Di pasar spot, pasangan USD/IDR melemah 0,23% dibanding hari sebelumnya menjadi 12.459. Dalam sepekan, rupiah menguat 1,04%. Kurs tengah dollar AS di Bank Indonesia (BI) melemah tipis 0,05% dibanding hari sebelumnya menjadi 12.444. Berdasarkan situs resmi BI ini, rupiah telah menguat 1,1%.
Rully Arya Wisnubroto, analis pasar uang PT Bank Mandiri Tbk mengatakan, penguatan rupiah dalam sepekan terakhir didukung oleh sentimen positif dari dalam maupun luar negeri. Dari dalam negeri, adanya arus modal masuk (capital inflow) di pasar obligasi turut memberikan tenaga bagi rupiah. Sejak awal Januari hingga saat ini, capital inflow dari obligasi atau surat berharga negara (SBN) tercatat sekitar Rp 16 triliun.
Namun di sisi lain, pada periode yang sama, adapula arus modal keluar (capital outflow) di pasar saham. Meski demikian pasar keuangan Indonesia tetap mencatatkan nett capital inflow sekitar Rp 13 triliun. Adapun dari faktor eksternal, kebijakan Bank Sentral Eropa (ECB) yang akan menggelontorkan stimulus moneter sebesar € 60 miliar setiap bulan mulai Maret 2015-September 2015 juga menambah otot rupiah.
"Stimulus yang digelontorkan ECB nyatanya lebih besar dari ekspektasi pasar. Mulanya, pelaku pasar mengira ECB akan mengucurkan QE (stimulus moneter) sebesar € 50 miliar per bulan," jelas Rully.
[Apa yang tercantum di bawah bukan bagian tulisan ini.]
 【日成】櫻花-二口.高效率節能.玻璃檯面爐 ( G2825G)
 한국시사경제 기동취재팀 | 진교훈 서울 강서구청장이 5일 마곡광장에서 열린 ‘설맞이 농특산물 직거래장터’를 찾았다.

Ariston Tjendra, Head of Research and Analysis Division PT Monex Investindo Futures menuturkan, pengutan rupiah dalam sepekan terakhir ditopang oleh kebijakan penurunan harga bahan bakar minyak (BBM) seiring landainya harga minyak dunia. Menurutnya, penurunan harga BBM akan berdampak pada rendahnya inflasi dan juga meningkatkan daya beli masyarakat. Kondisi ini positif bagi rupiah.
Rupiah juga diuntungkan lantaran stimulus moneter ECB akan mendorong banjirnya likuiditas di pasar keuangan global. Hal ini memicu peralihan aset menuju aset yang lebih berisiko seperti rupiah. "Indonesia diuntungkan karena dinilai memberikan yield yang lebih tinggi," tutur Ariston.
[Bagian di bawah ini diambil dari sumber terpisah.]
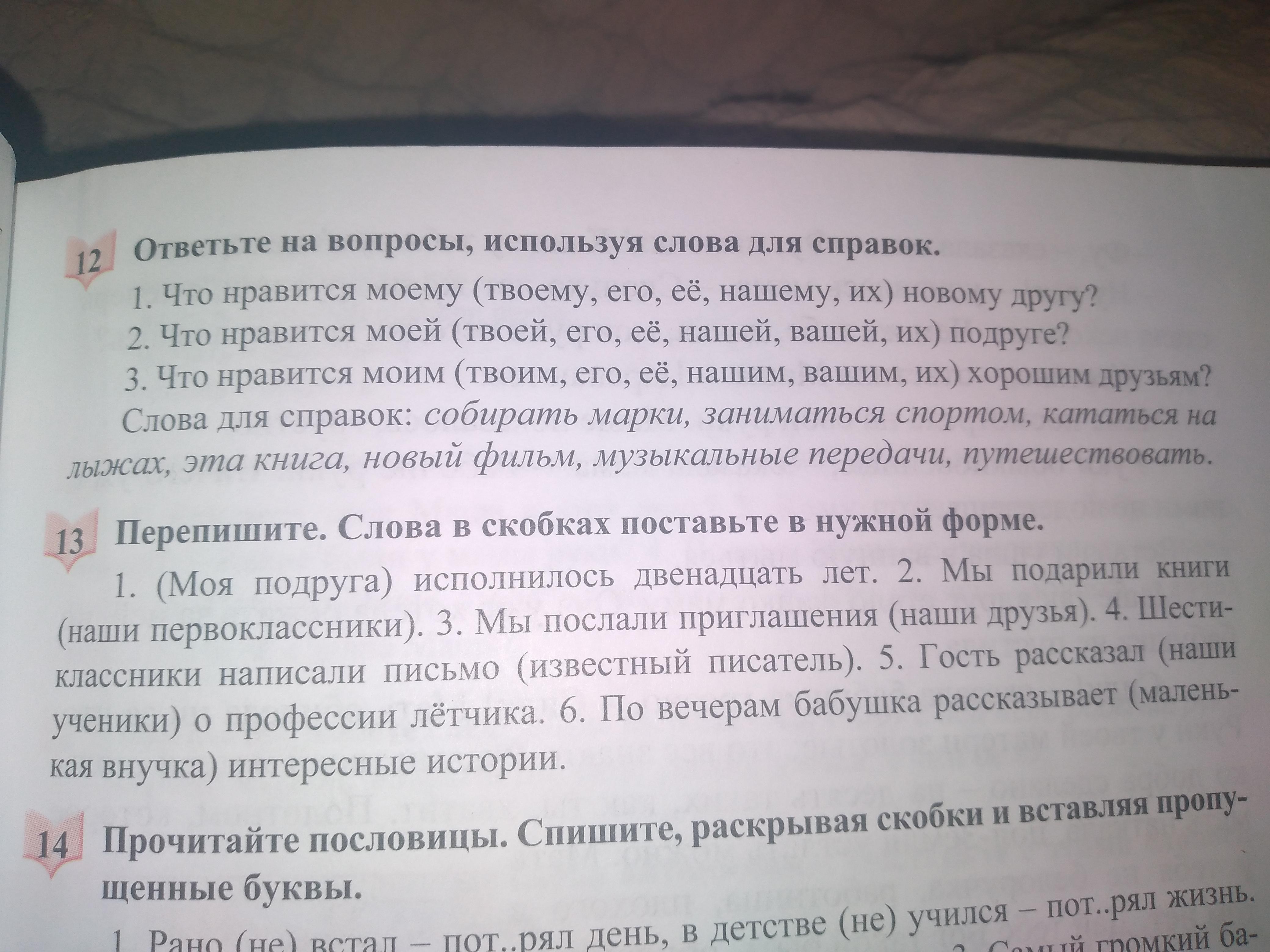 1) Моей подруге исполнилось дведэнадцать лет. 2) Мы подарили книги нашим одноклассникам. 3) Мы послали приглашение нашим друзьям. 4)Шестиклассники написали письмо известному писателю. 5)Гость рассказал нашим ученикам о профессии лётчика. 6)По вечерам бабушка рассказывает маленькой внучка интересные истории.

Sepekan ke depan, Ariston menilai penguatan rupiah masih terjaga. Namun bukan berarti mengabaikan risiko pemilihan umum Yunani yang akan digelar pada Minggu (25/1). Apabila pemilu Yunani dimenangkan partai oposisi Syriza, kemungkinan ada peralihan aset kembali ke mata uang aman seperti dollar AS. Namun sentimen ini hanya bersifat sementara. Sebab, euforia ECB masih akan mendominasi.
Ariston memprediksi USD/IDR sepekan mendatang akan berada di kisaran 12.280-12.570. Sementara Rully menduga USD/IDR sepekan akan terbentang di level Rp12.350- Rp12.450.